Scene che si sono ripetute, il 25 marzo scorso, per l’Intellectual fight night alla Columbiahalle di Berlino; o alla York Hall di Londra in occasione di Pity the fools (l’1 aprile), sfida fratricida tra i membri del London chessboxing club, palestra nel quartiere di Islington dove si organizzano lezioni di scacchipugilato a otto sterline l’ora. «A ottobre 2017 invece sarà la volta del primo campionato del mondo per professionisti, a Berlino» annuncia Iepe Rubingh, a capo della federazione internazionale e fondatore di Chessboxing global, struttura commerciale per la promozione dello sport e per la vendita dei diritti televisivi.
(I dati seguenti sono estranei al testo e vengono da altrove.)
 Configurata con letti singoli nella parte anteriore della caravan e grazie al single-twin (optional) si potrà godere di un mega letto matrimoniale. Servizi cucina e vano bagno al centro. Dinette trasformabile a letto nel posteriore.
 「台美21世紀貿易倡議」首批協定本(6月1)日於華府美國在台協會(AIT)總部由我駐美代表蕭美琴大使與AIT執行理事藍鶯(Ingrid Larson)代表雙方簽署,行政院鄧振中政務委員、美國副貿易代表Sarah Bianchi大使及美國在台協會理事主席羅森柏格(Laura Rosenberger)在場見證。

Non mancano personaggi curiosi che si cimentano nelle gare: c’è Sven Rooch, classe 1987, pompiere di Dresda e figlio di atleti cresciuti nella squadra nazionale di salto in lungo della ex Germania Est. Poi il bielorusso Leonid Chernobaev, allenato al pugilato dal padre e agli scacchi dalla madre, Jonathan R. Vega, spagnolo di Leon, promessa della box dilettantistica iberica finché un infortunio al ginocchio gli ha impedito l’accesso a Pechino 2008. Caduto in depressione, avviato agli scacchi dal fratello divenuto gran maestro, ritrova fiducia e ricomincia ad allenarsi grazie alla chessboxing federation.
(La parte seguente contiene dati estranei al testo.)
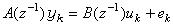 是算子多项式,它们的系数是需要通过估计来求出的未知数;z-1是单位延迟算子;{ek}是误差序列,它是零均值平稳相关噪声序列。为了进行广义最小二乘估计可以从形式上把ek变换成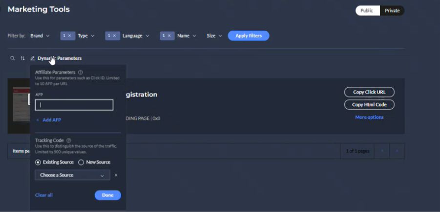 - Copiar URL/Copiar código HTML: Una vez creado el AFP, haz clic en “Copy” para obtener tu enlace de referidos con el AFP incluido.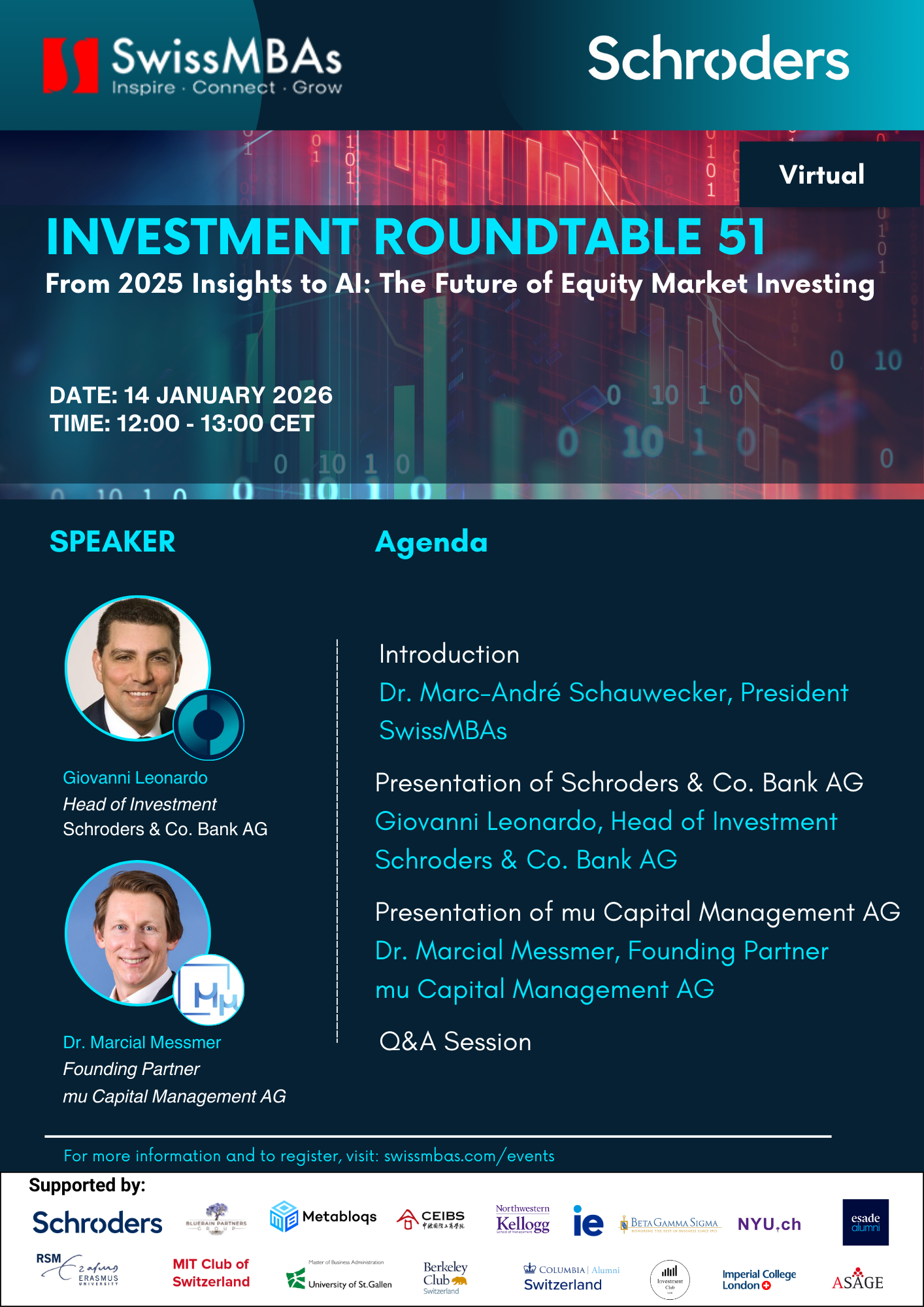 "By attending this event, you consent to being photographed or recorded for promotional and documentation purposes. If you do not wish to appear in our media, please notify us in advance or at the event. For questions or to withdraw consent, contact info@swissmbas.com. For more details about how we treat your data, please see our data protection policy (here https://swissmbas.com/page/privacy-policy)."

Fino a Nikolay Sazhin, laureato in matematica all’Università federale siberiana, 100 chili di potenza e cervello, avversario nel 2013 del peso massimo italiano Gianluca Sirci. Biologo e biochimico, professore di Scienze in un liceo di Foligno, pugile professionista con 20 incontri all’attivo, Sirci si considera un combattente formidabile, ma uno scacchista mediocre. «La mia tattica» spiega è resistere il più possibile sulla scacchiera e spingere molto sul ring, per mandare l’avversario in debito d’ossigeno e portarlo all’errore nel momento del gioco, pur essendo scacchisticamente meno preparato del mio avversario: il mio primo cam-
pionato europeo l’ho vinto usando questa tecnica». A parere di Sirci, il chessboxing è la disciplina perfetta per allenare a prendere decisioni veloci in condizioni di stress fisico e mentale estremo. Anche grazie al training specifico cui vengono sottoposti gli atleti: «Chiediamo di alternare sessioni pesanti di esercizio fisico con mosse alla scacchiera» dice Volfango Rizzi, presidente di Fisp e allenatore presso la Heracles Gymnasium in via Padova a Milano. «Spesso facciamo ritrovare i pezzi in posizione diversa, per allenare la capacità d’improvvisare».
La consapevolezza di rischiare uno
scacco matto, dicono gli atleti, influisce con forza sulla condotta del match. Il pugile in difetto tenterà con ferocia di chiudere l’incontro per KO, rischiando di scoprire la guardia e commettere scorrettezze. A sua volta, in un circolo vizioso, un dispendio di energie eccessivo porterà scarsa lucidità nel muovere, una volta tornati al tavolo. È per questo che non c’è mai un vincitore annunciato, tra un pugile provetto che sa muovere i cavalli o uno scacchista geniale che sa menare le mani. «Ho imparato ad aspettare almeno un minuto prima di azzardare una mossa» racconta Sergio Leveque da Senigallia, 38 anni e un titolo di campione europeo dei pesi massimi in carica. «L’adrenalina è troppo alta e il sangue sta irrorando tutto tranne il cervello. La prima mossa, puoi starne sicuro, è sempre un regalo all’avversario».